Exact copies of the lines below, from the one with "街货分布方面,至周四,恒指牛" up to and including the one with "Tags: summer fun", are what this calls for; leave out pictures.

====== Available records ======

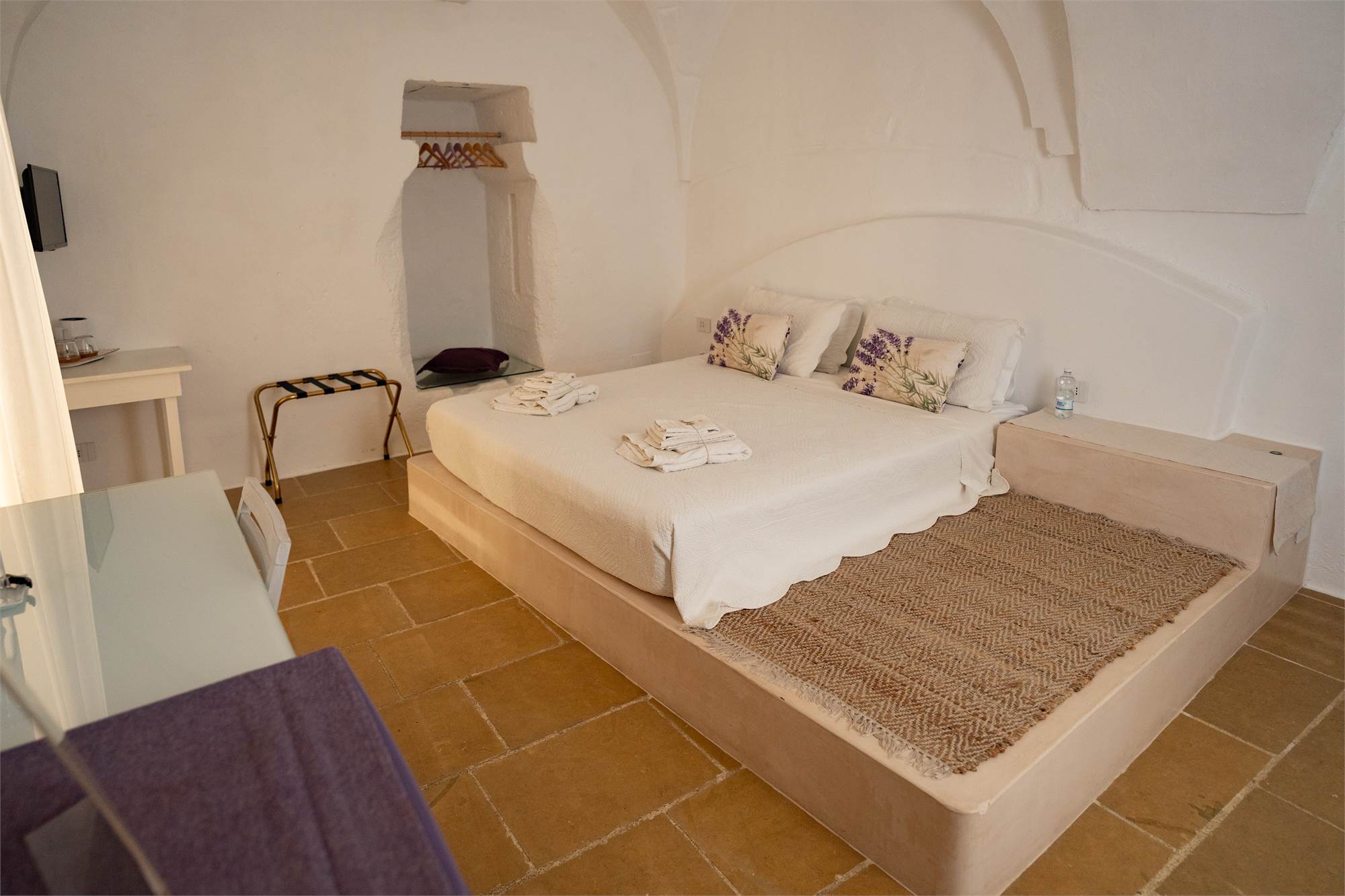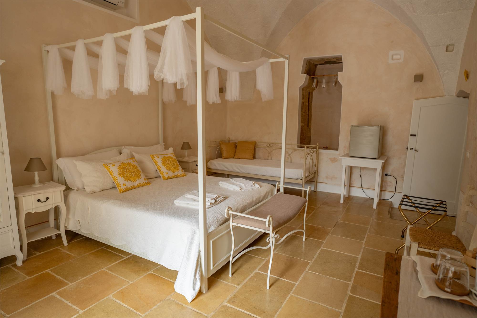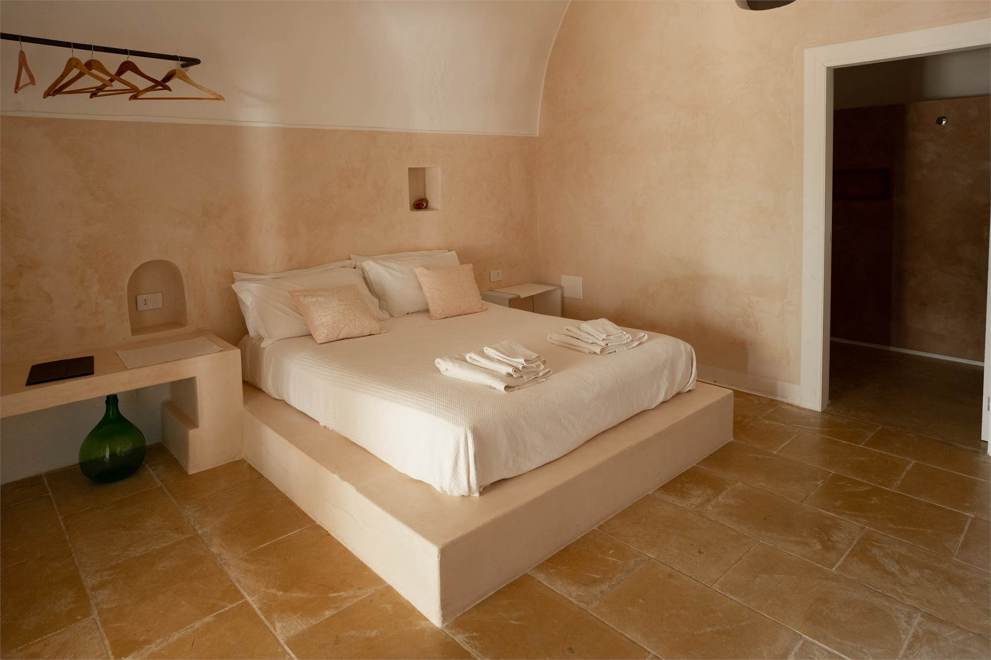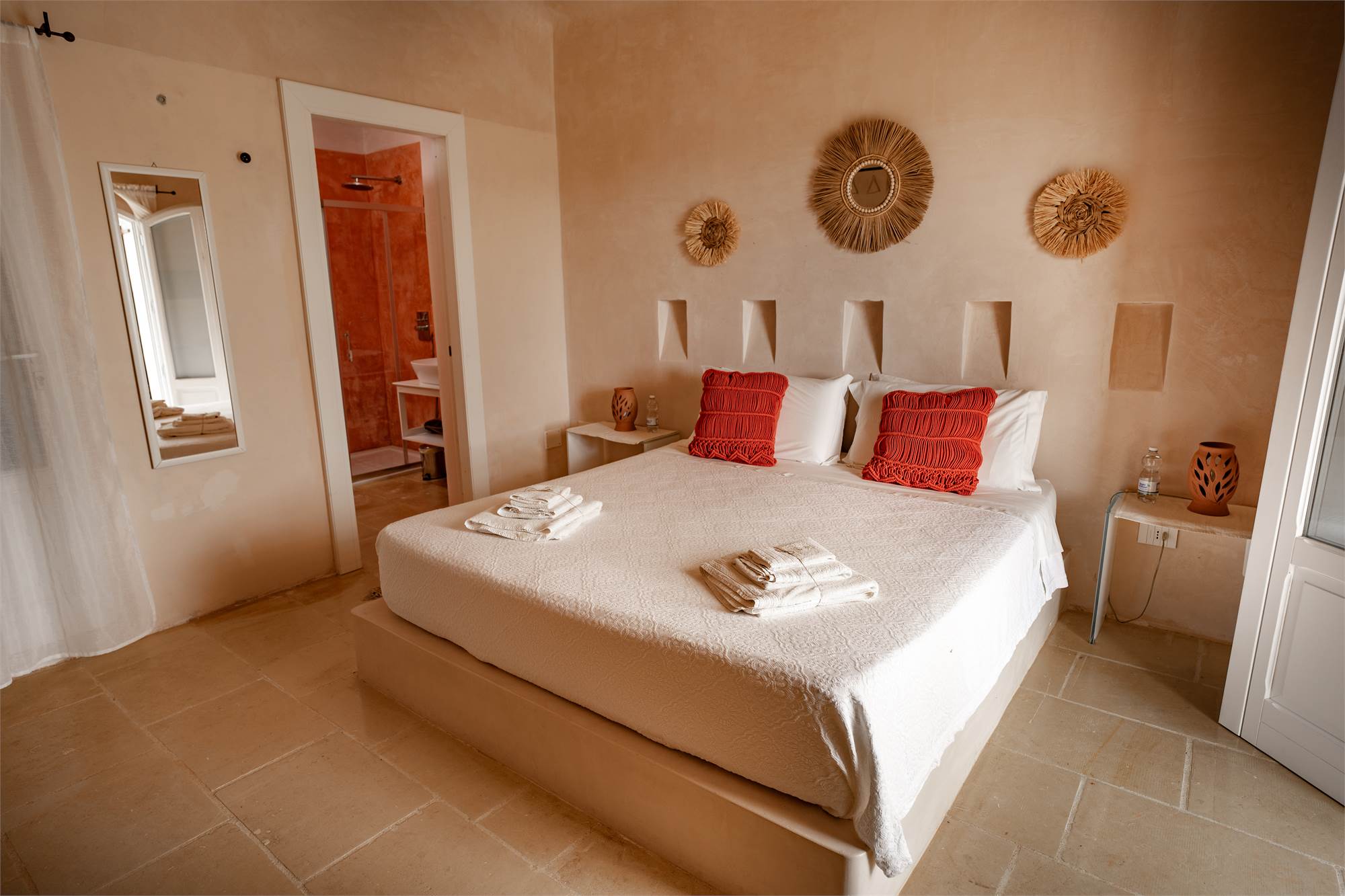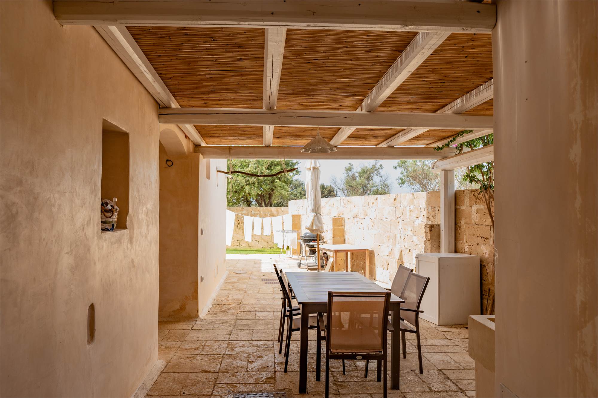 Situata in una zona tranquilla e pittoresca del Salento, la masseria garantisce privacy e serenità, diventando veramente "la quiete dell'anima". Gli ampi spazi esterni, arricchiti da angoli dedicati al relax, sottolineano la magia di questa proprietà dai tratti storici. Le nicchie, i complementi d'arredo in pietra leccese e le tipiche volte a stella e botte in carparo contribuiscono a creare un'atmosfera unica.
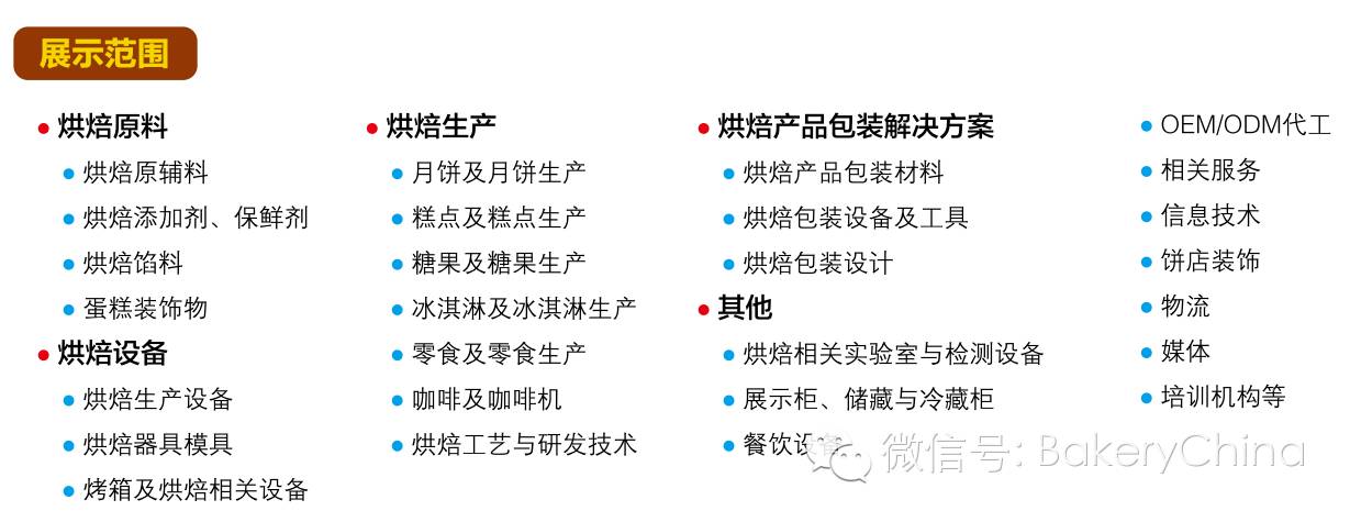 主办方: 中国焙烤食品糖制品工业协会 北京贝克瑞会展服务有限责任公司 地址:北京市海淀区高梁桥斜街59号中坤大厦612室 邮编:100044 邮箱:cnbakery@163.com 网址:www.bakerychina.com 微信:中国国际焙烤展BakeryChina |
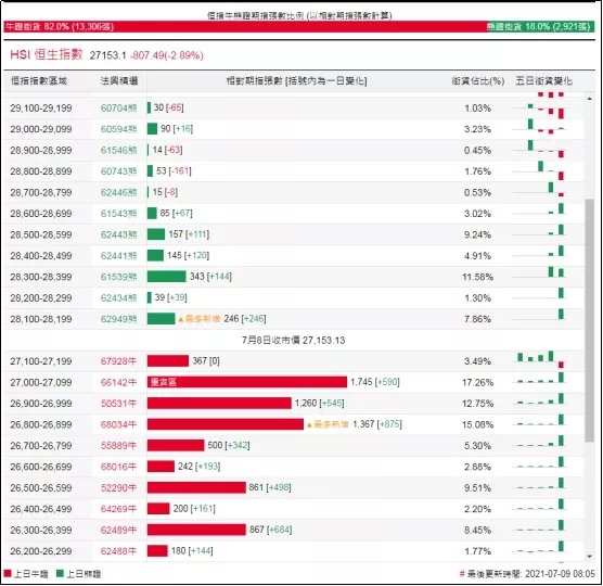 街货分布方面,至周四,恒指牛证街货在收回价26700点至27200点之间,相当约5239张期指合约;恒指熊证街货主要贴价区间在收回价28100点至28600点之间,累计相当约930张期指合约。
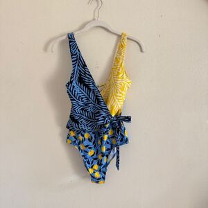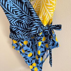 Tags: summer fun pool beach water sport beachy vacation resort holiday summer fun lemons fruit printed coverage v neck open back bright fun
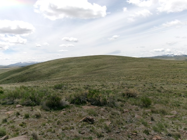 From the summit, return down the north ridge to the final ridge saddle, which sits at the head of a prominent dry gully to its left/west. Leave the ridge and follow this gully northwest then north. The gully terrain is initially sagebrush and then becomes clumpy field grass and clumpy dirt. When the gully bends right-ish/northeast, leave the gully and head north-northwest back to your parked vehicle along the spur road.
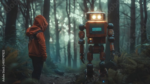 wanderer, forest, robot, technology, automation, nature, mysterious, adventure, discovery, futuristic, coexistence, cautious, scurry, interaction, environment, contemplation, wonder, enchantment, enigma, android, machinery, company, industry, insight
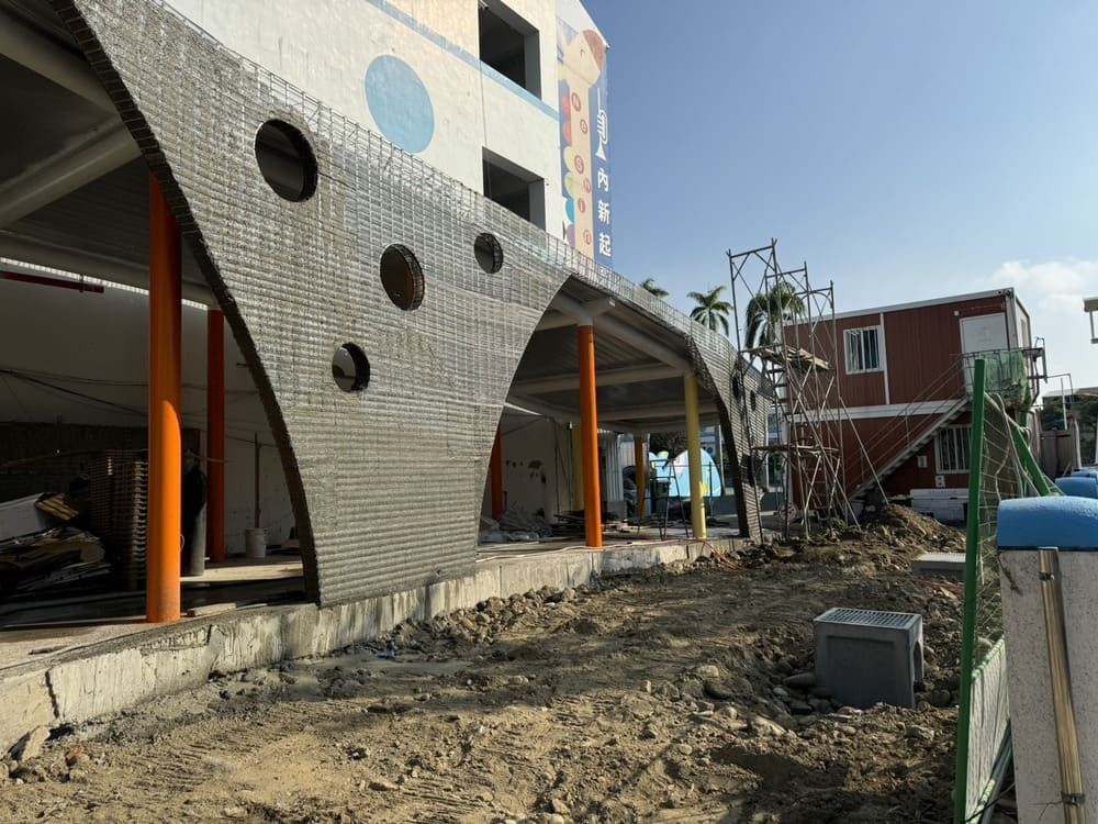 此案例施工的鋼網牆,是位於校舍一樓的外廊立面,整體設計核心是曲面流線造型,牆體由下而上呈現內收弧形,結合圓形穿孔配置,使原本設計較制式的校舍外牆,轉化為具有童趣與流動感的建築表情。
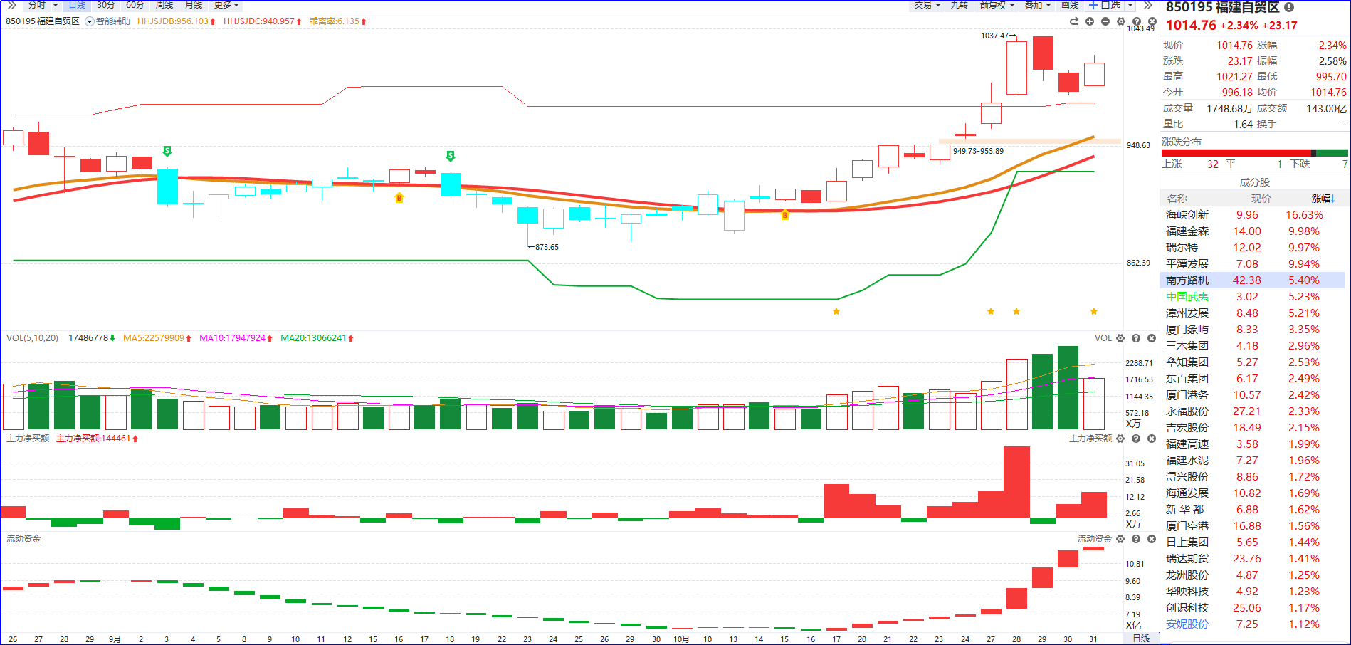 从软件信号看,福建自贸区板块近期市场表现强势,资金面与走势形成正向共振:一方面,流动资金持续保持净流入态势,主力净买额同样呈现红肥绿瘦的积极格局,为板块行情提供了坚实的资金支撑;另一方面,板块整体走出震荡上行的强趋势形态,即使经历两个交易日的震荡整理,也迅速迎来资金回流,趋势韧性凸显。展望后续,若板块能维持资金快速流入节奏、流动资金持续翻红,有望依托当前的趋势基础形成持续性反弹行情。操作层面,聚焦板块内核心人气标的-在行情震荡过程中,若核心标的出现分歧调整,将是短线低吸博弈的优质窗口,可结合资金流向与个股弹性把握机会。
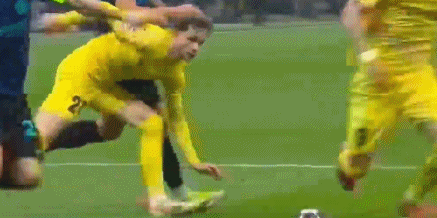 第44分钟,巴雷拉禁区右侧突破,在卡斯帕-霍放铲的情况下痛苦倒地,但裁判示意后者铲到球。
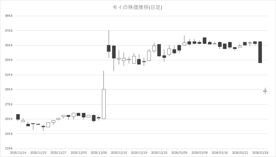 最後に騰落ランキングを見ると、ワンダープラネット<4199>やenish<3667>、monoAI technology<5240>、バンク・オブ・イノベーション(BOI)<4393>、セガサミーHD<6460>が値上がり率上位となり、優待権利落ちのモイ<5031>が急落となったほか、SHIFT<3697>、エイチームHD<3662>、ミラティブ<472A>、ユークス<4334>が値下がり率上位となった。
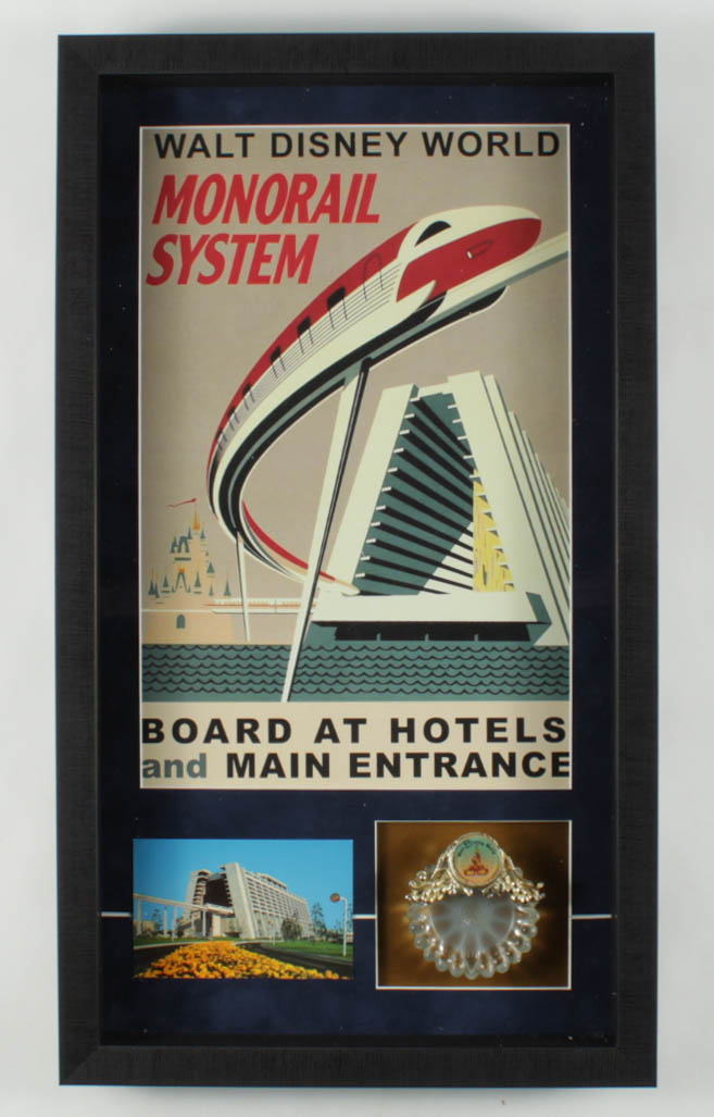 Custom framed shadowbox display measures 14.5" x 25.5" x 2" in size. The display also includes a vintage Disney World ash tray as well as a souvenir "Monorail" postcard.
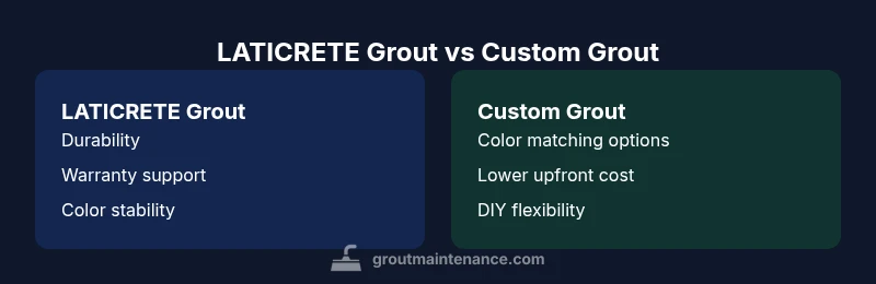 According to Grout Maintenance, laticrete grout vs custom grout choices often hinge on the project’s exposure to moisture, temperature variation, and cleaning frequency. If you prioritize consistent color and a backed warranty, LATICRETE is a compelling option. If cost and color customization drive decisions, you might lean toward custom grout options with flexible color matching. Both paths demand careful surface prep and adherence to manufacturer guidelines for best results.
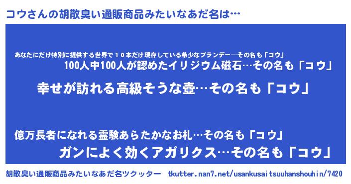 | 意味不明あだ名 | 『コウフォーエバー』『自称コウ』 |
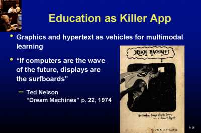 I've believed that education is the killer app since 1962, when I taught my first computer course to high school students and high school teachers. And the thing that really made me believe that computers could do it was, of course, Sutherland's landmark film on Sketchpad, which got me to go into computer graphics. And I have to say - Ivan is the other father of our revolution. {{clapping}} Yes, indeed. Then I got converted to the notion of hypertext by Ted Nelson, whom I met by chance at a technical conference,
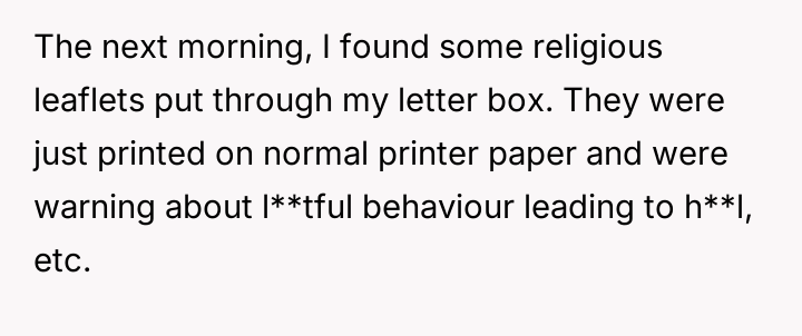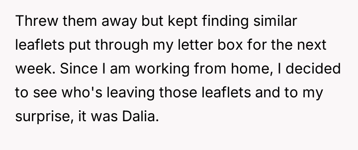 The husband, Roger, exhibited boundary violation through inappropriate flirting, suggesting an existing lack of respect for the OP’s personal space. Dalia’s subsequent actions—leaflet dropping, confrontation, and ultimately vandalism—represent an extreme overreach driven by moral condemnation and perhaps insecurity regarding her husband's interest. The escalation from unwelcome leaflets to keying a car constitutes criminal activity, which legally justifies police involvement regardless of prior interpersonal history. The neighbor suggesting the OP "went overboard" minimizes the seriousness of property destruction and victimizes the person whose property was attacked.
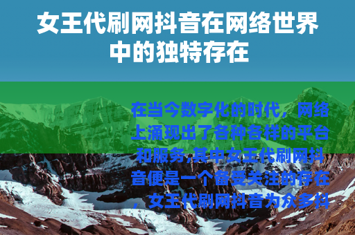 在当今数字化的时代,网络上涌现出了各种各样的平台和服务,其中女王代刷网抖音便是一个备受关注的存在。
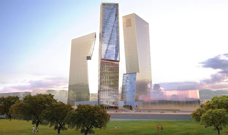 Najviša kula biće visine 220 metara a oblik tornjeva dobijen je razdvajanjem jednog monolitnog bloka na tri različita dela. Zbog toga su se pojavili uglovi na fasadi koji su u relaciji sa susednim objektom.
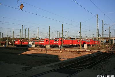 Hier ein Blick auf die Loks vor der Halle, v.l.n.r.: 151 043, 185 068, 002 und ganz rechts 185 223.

======

### Response
 街货分布方面,至周四,恒指牛证街货在收回价26700点至27200点之间,相当约5239张期指合约;恒指熊证街货主要贴价区间在收回价28100点至28600点之间,累计相当约930张期指合约。
 Tags: summer fun pool beach water sport beachy vacation resort holiday summer fun lemons fruit printed coverage v neck open back bright fun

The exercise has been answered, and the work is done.